El encuentro con Merle no sería en esta casa tampoco, sino en otra conocida como la Casa Azul y que se había comprado García Márquez antes de hacerse construir ésta, también sobre la misma avenida costera y con vista al Caribe. Fotográficamente era una casa hermosa porque resaltaba un azul muy fuerte desde afuera, desde la fachada, y también en sus interiores. Una casa antigua de la ciudad vieja, vacía de muebles: había un par de sillones y nada más. Nos contó que él quería una casa grande en Cartagena con vista al Caribe, pero que estas casas antiguas no eran muy funcionales porque el baño no estaba donde él quería que esté, otras cuestiones de ventanales, y aunque se trataba de una casa muy bonita, con un patio interior fantástico, nos aclaró: “Se la dejo a mis hijos porque nunca sentí esta casa como mía”. Fue un lugar maravilloso para hacer las fotos.
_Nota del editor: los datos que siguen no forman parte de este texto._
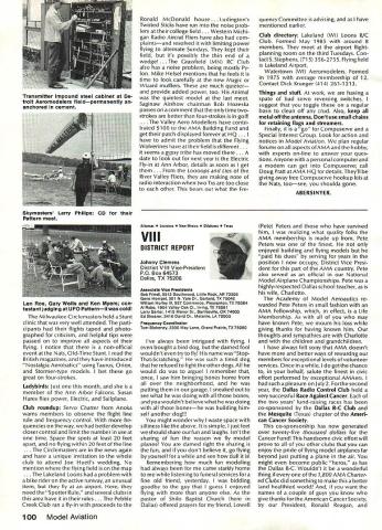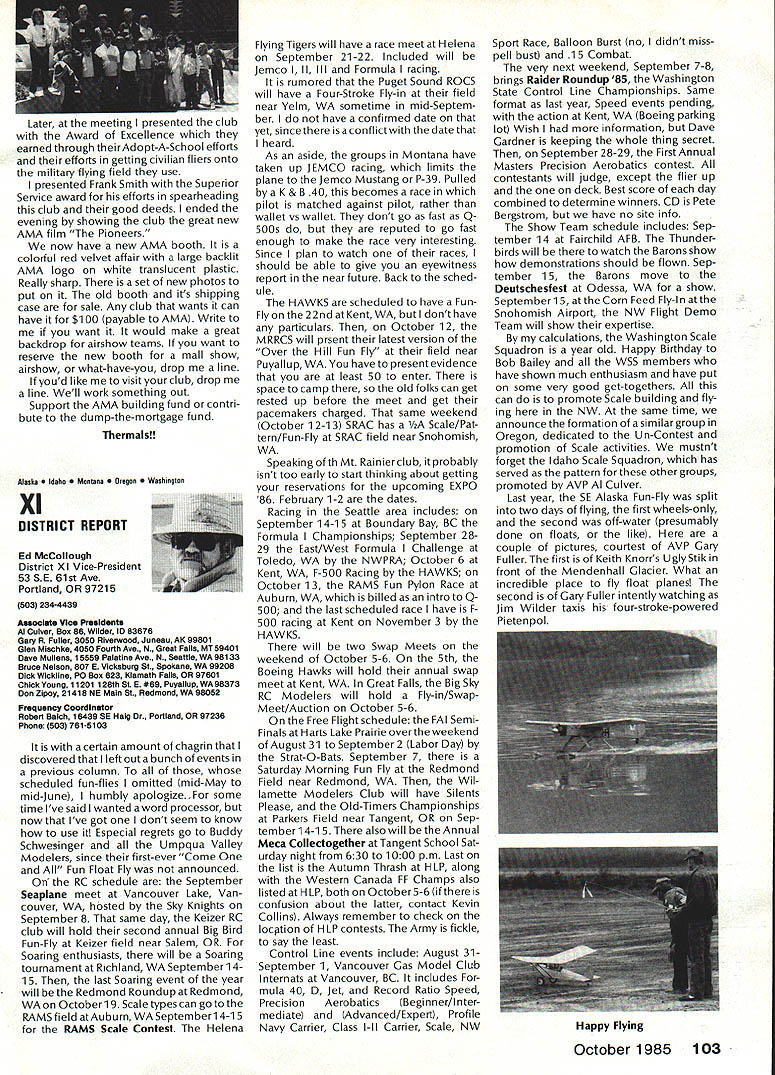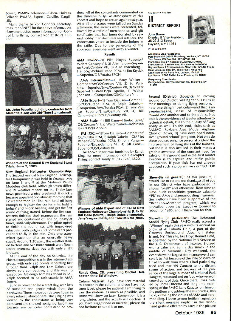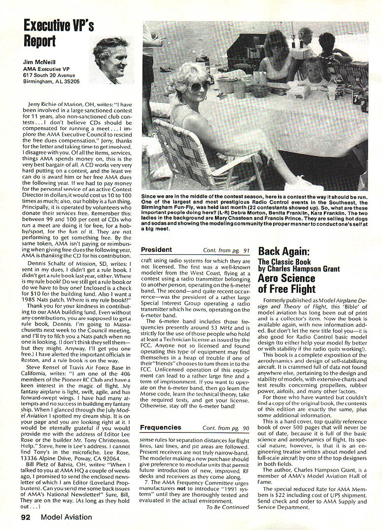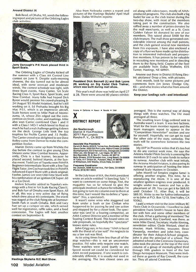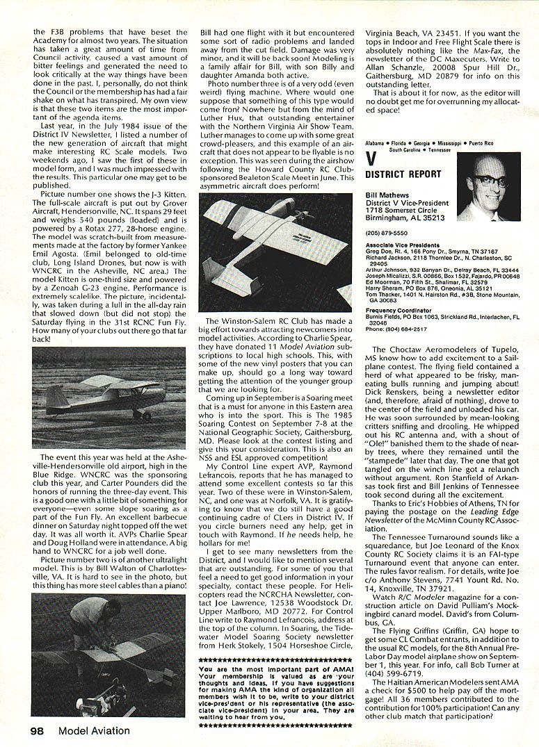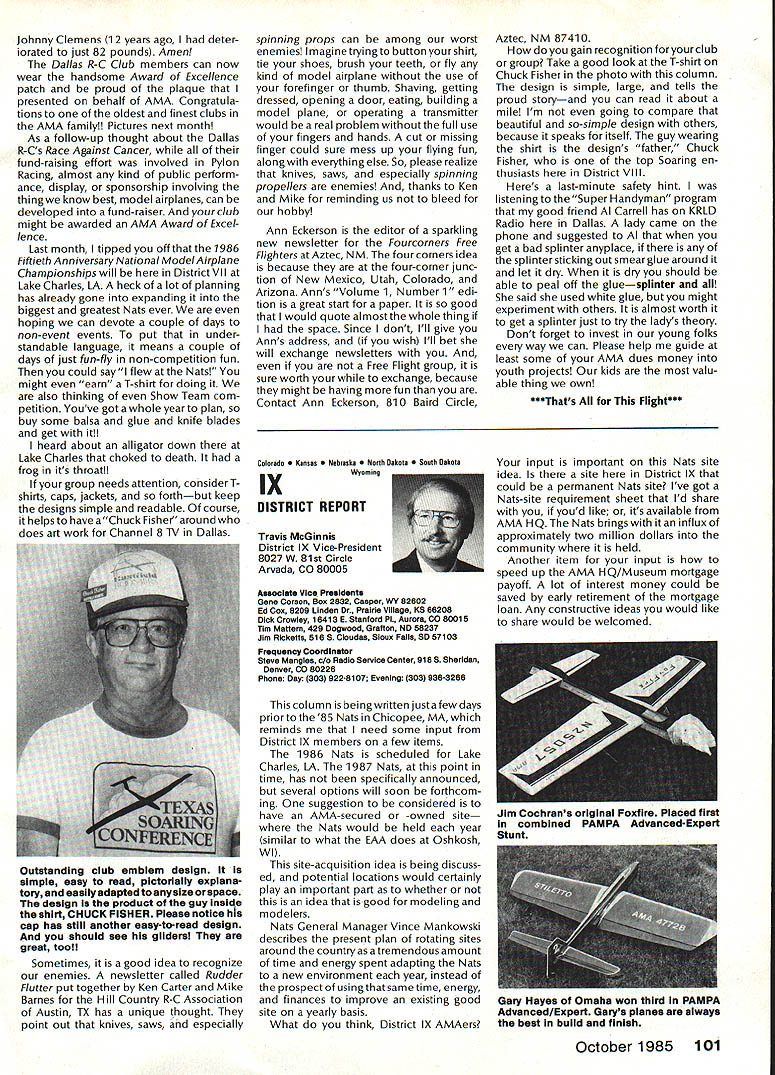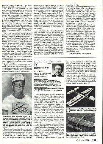 A What Has Happened Since 1983 January 1983 AMA Frequency Committee led effortto provide forasafe orderly transition use 80 newlyacquired frequencies RC models Fifty frequencies designated model aircraft use 30 desig nated surface models cars boats like phase-in plan adopted byAMA designed 1 allay fears modelers insisted equipment obso leted AMA action 2 allow phase-out existing seven frequencies 3 permit adequate time develop ment new equipment summary phase-in plan Retained existing frequencies until January 1988 Blocked use new channels either side old frequencies new frequencies just 10kHz away old frequencies Blocked use new channels upper lower end two bands 72 & 75MHz within image ie 900 kHz removed other frequency range Kept channel separations 40 kHz minimum retrospect phase-in plan has effective because now clear pre viously-existing RC equipment does operate well 20kHz separations AM FM used adjacent channels European modelers have faced same problem let marketplace sort out approach has ultimately led ban use AM German modeling community England significant problems AM interfering FM phase-in plan gives us chance solve problems atimelymannerand avoid unnecessary crashes hazards As turns out demands impose RC system designs stringent foralmostanycommercial communica tions systems communication system data communications doesnt crash receives invalid signal Further seldom demands mobile communicationsworkwell close high power out-of-band trans mitter contrary RC sets must workwellwhenwetaxi relativelycloseto fellow modelers adjacent channels B How Can Make Transition Lest preceding sound gloomy let assure can done adhering phase-in plan pressing advanced radio designs Fre quency Committee confident will able use almost channels 1991 However several ways modeling community must cooperate problems avoided and/or solved Specifically individuals club frequency con trol authority Contest Directors should adopt following guidelines 1 flight lines should separated minimum 20 ft 30 ft desirable avoid transmitter intermodulation other technical issues will discussed later 2 Taxi lines flight paths should closer fifty 50 feet flight line minimize adjacent channel receiver intermodulation interference 3 Extreme caution must exercised pit areas operate transmitters less 20 ft other avoid transmit ter intermodulation can accom plished placing pit areas behind specific flight lines transmitters actually use flight should placed impound area under positive frequency control 4 transmitters year old should checked frequency occu pied bandwidth using properly calibrated spectrum analyzer accurate frequency reference also wise have receivers tuned transmitter time 5 Some AM transmitters definitely going interfere FM systems current design reasons discussed later AM transmitters operation 10-15 years old may have rather wide AM modulation sidebands happeis modelers must use patience Continued page 90 Hurst C Bowers July 1985 Model Aviation ban ner edition provided three full pages magnificent color pictures National Center Aeromodeling museum highlighted extravaganza color throughout three-story atrium benefit have visited new headquarters Reston hope will gain some comprehen sion appreciation unbelievably beautiful facility museum library continue grow chances good six months ago would hardly rec ognize today Its much better iriij5rnvements additions will continue case dynamic living institu tion members other visitors friends never cease amaze us seemingly endless flow significant aeromodeling memorabilia also receiving publications documents growing library archives recent highlight Academy visit Mr Mrs Bruce Anthony Hopkins MN brought presented museum beautiful presti gious Walt Billett Trophy behalf Twin City Radio Controllers Model Airplane Club significant point out Bruce three-time winner meaningful award John Maloney of World Engines ICincin Continued page 90 October 1985 89 AMA HO Executive Director including reports AMA President Executive VP Vice-Presidents AMA Woclds LarpetfpocfAViAiOn Oraniation New FrequenciesMuseum Report Status Report L-R Hurst Bowers Bruce Anthony AMA HO SERVICES STAFF OOS Executive Director John Worth 0 Nets Genemi Manager i/moe Mankowaki 0 Executive Coordinator Joyce Hager 0 Comptroller Gisele Jackaon 0 Competition Services Director Micheline Madiaon0 Special Services Director Carl Maroney0 Membership Director Carol MerfeldO Public Relations Director Geoff Styleae Special Events Director Douglaa Pratt 0 Publications Director Carl e Giving Geoffrey Styles Director Public Relations recent issue Model Aviation maga zine carried story about National Cen ter Aeromodeling highlighting mu seum library us work Reston have always feeling expressed thought thatthis building what stands belongs members ask anyone has visited National Center can pretty sure idea mentioned sometime during theirvisit has great response museum story almost seemed like spon taneous outpouring money pride several clubs individuals concerned about need fully own ie no mortgage edifice have sent sentiments accompanied checks too letters print would like share couple first comes Jim Fordham Rochester NY Aero Modelers Society says officers RAMS Club read recent article drive payoff mortgage new home Reston Well would like help included Enclosed find check $1 00 well club patch have also included check $10 personal account personal contribution am hopes other members will send $10 checks well 1 hope able visit newfacilities near future have model builder 53 years have flown Free Flight Control Line Scale Control Line RC Scale RC So hope get down see have gone time second letter want share came David Wertz Peterson secretary Cheyenne Radio Control Club Wyoming David says am writing letter behalf Cheyenne RC Club AMA Charter No 2000 individual member AMA Cheyenne RC Club about 11/2 years old has grown seven founding members including myself current membership over 50 club has provided AMA magazine sub

Todo esto sucedía mientras manteníamos con él charlas informales de cosas muy cotidianas, muy mundanas, muy de todos los días, que era lo que nosotros estábamos buscando y que no esperábamos conseguir, porque habíamos convenido dos horas de una entrevista formal para el 8 de junio, y nada más, y sin embargo estaba dándonos un material inesperado. Él es periodista y sabía perfectamente que nos estaba dando un material muy rico. Era consciente de eso, y perfectamente consciente de que todas esas caminatas, encuentros, almuerzos y demás iban a terminar en el papel. Que lodo lo que dijera, hasta el último suspiro, iba a ser contado.
Finalmente, cuando llegó Merle, Gabo le dedicó como dos horas sólo para las fotos; posó, hizo todo lo que el fotógrafo le pedía y si no se tiró al piso fue porque no nos animamos a pedírselo. Cuando le preguntamos por sus gestos o sus tics, nos respondió: “Yo me vivo refregando los ojos todo el tiempo”, y de inmediato repetía el gesto para la cámara. Aparte se comunica mucho con las manos, es otro lenguaje paralelo y muy expresivo, y entonces repasaba todos esos ademanes para las fotos. Una maravilla.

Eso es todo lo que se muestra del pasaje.